Answer
See the graph below:
Work Step by Step
The two consecutive asymptotes occur at $\left( x+\frac{\pi }{2} \right)=0\text{ and }\left( x+\frac{\pi }{2} \right)=\pi $.
We solve $\left( x+\frac{\pi }{2} \right)=0$ to get
$\begin{align}
& \left( x+\frac{\pi }{2} \right)=0 \\
& x=\left( 0-\frac{\pi }{2} \right) \\
& x=-\frac{\pi }{2}
\end{align}$
Again, solve $\left( x+\frac{\pi }{2} \right)=\pi $ to get
$\begin{align}
& \left( x+\frac{\pi }{2} \right)=\pi \\
& x=\pi -\frac{\pi }{2} \\
& x=\frac{\pi }{2}
\end{align}$
Now, the x-intercept is in between the two consecutive asymptotes.

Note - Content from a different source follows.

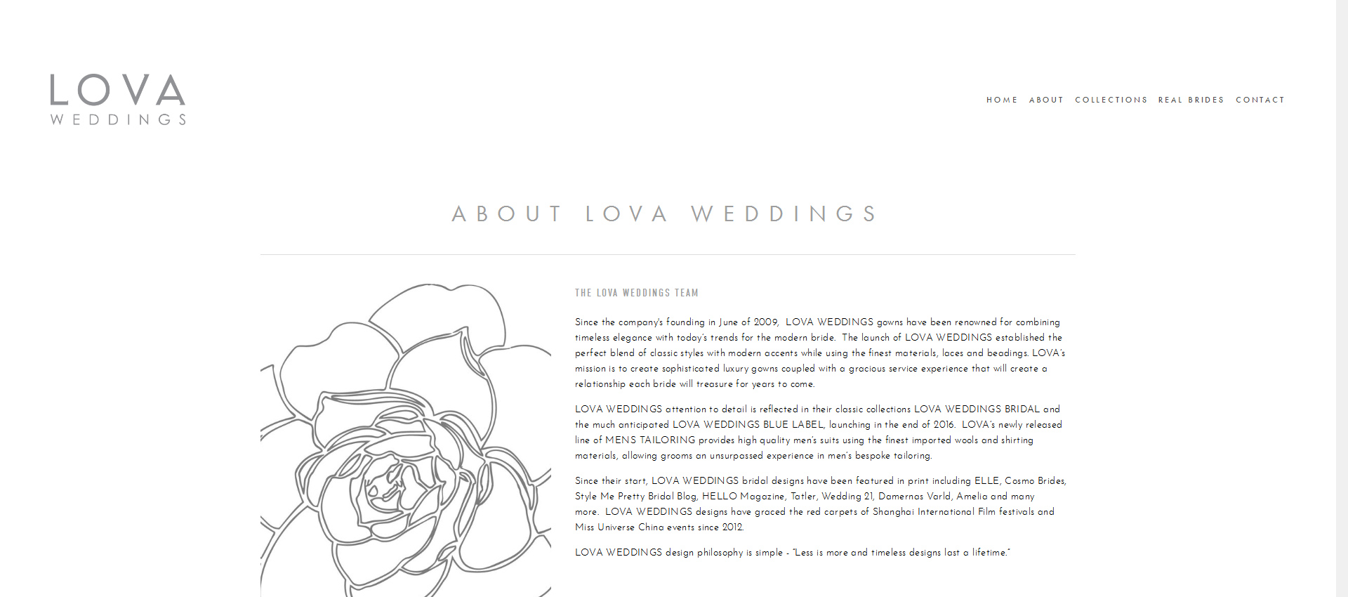 Since the company's founding in June of 2009, LOVA WEDDINGS gowns have been renowned for combining timeless elegance with today’s trends for the modern bride. The launch of LOVA WEDDINGS established the perfect blend of classic styles with modern accents while using the finest materials, laces and beadings. LOVA’s mission is to create sophisticated luxury gowns coupled with a gracious service experience that will create a relationship each bride will treasure for years to come.

Therefore, the x-intercept is given as follows:
$\begin{align}
& x\text{-intercept = }\frac{\left( -\frac{\pi }{2}+\frac{\pi }{2} \right)}{2} \\
& =\frac{0}{2} \\
& =0
\end{align}$
Thus, the graph passes through $\left( 0,0 \right)$ and the x-intercept is $0$. As the coefficient of the provided cotangent function is $2$, the points on the graph midway between the x-intercept and the asymptotes have y-coordinates of $2$ and $-2$.
We use the two consecutive asymptotes, $x=-\frac{\pi }{2}$ and $x=\frac{\pi }{2}$, to graph one full period of $y=2\cot \left( x+\frac{\pi }{2} \right)$ from $-\frac{\pi }{2}\text{ to }\frac{\pi }{2}$.